Despite all of these crimes, the image of the Red Army – and by extension that of the Russian army – remained largely positive in ex-Soviet space, reinforced by a powerful government propaganda. The Kremlin has zero tolerance for any criticism addressing the Russian or Soviet armies. The “heroic” image of the Red Army is protected by Putin’s regime, which in 2014 amended the criminal law, punishing any spread of “fake” information about the actions of the USSR during WWII.
At present, according to official propaganda, the Russian army is fighting to liberate Donbas from Ukrainian nationalists and is defending Ukraine from genocide, just as the Soviet army liberated the Eastern European countries in WWII. With the launch of the Russian invasion of Ukraine, the Russian State Duma introduced a 15-year prison penalty for anyone disseminating news about the actions of the Russian army in Ukraine, which the Kremlin might consider “false” or “discrediting the armed forces of the Russian Federation”. For this reason, independent media outlets were forced to suspend their activity on Russian territory.
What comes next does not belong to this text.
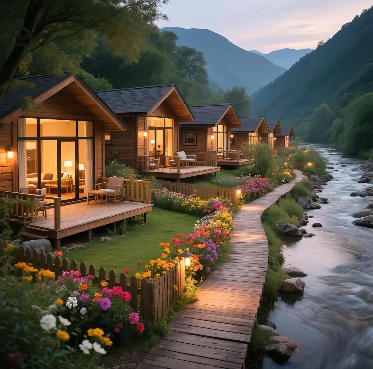 乡村民宿木屋集群项目里,多套度假木屋顺利落地。这些木屋采用模块化建造,工期短、颜值高,助力民宿快速运营与客流提升。
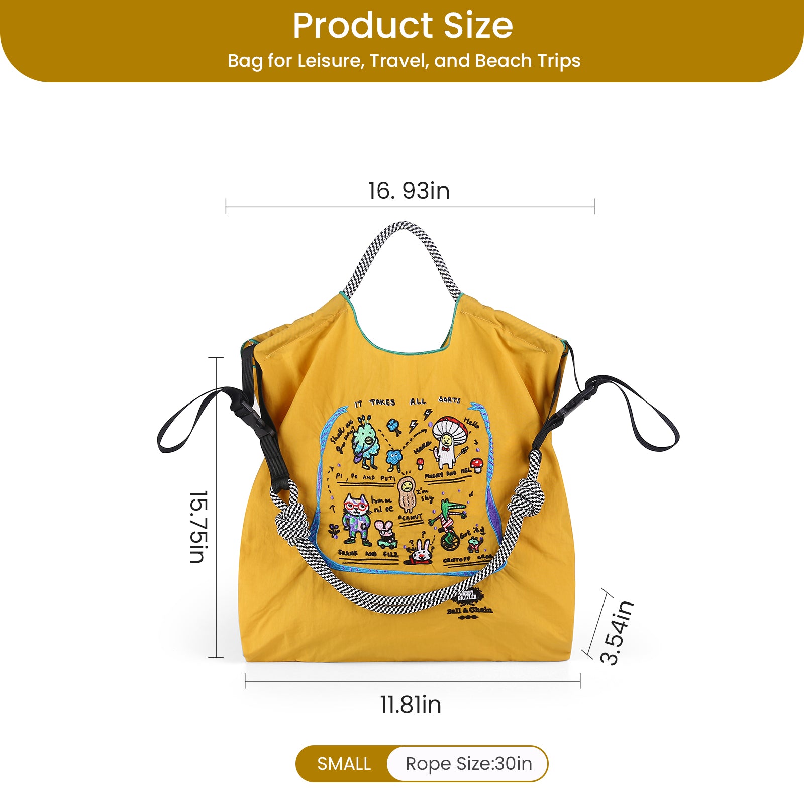 Ball&Chain Shoulder Tote Bag for Women, Nylon Top-Handle(M)

Several activists and protesters were arrested for carrying anti-war banners.
The myth of the brotherhood of people
Another myth of Soviet propaganda, that of the brotherhood of Soviet people, fostered the idea of a unity between the fifteen former “sister republics”. A much closer bond united the Slavic people of Russia, Belarus and Ukraine, who shared the same language, culture and literature. Ever since the summer of 2021, Vladimir Putin wrote about “the historical unity of Russians and Ukrainians”. Distorting historical events and present half-truths, Putin tried to prove Ukrainians and Russians are one and the same people. Putin continued to advocate the image of the Great Russian people, a nation made up of Great Russians, Little Russians and White Russians. On a number of occasions, Putin said Ukraine is an artificial state created by Lenin, or the result of the Belovezh Accords that formally acknowledged the collapse of the USSR. By invading Ukraine in what the Kremlin describes as “a special military operation” designed to “demilitarize and denazify” this country, Putin in fact seeks to destroy the Ukrainian people. His methods could be seen by the whole world in those areas temporarily controlled by the Russians. The Russian invasion of March, the bombing of Ukrainian cities, the massacring of civilians, the occupation of Eastern Ukrainian territories in 2014, the annexation of Crimea, all of these actions have however created a deep rupture in the relation between the two Slavic peoples that share a common past in the Kyivan Rus’, one that will take a very long time to restore. By repeatedly attacking Ukraine, Putin got the reverse of what he was hoping to achieve: a consolidated Ukrainian identity and the hostility of the Ukrainian people.